### WHAT TO DO
Output the line with "Students observing Water" and every following line to the end of the material, exactly as they appear.

### WORKING DATA
________
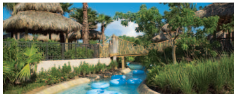
Coconut Plantation, A Hyatt Residence Club Resort, Bonita Springs, Florida
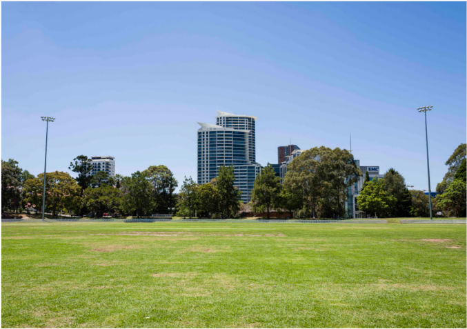
Location 9 - Gore Hill Park, looking east towards St Leonards
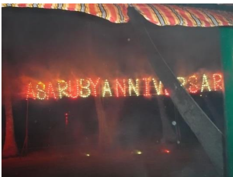
ASA's Ruby Anniversary
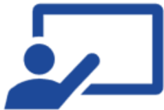
Paper Presentations by Researchers
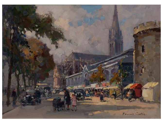
Edouard Leon Cortes Scene de Village
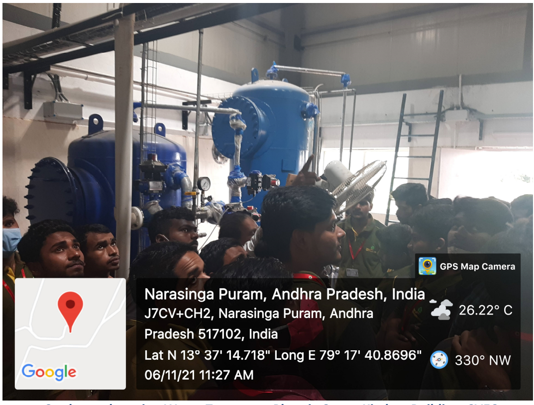
Students observing Water Treatment Plant in Smart Kitchen Building, SVEC

SREE VIDYANIKETHAN ENGINEERING COLLEGE (AUTONOMOUS), Tirupati, Andhra Pradesh – 517102. Call: +91 877-3066900/901/999 ☑@Ividyanikethan [] @@SreeVidyanikethanEngineeringCollegeOfficial ] @@ sreevidyanikethanenggcollege | www.svec.education
________
### WORKED SOLUTION
Students observing Water Treatment Plant in Smart Kitchen Building, SVEC

SREE VIDYANIKETHAN ENGINEERING COLLEGE (AUTONOMOUS), Tirupati, Andhra Pradesh – 517102. Call: +91 877-3066900/901/999 ☑@Ividyanikethan [] @@SreeVidyanikethanEngineeringCollegeOfficial ] @@ sreevidyanikethanenggcollege | www.svec.education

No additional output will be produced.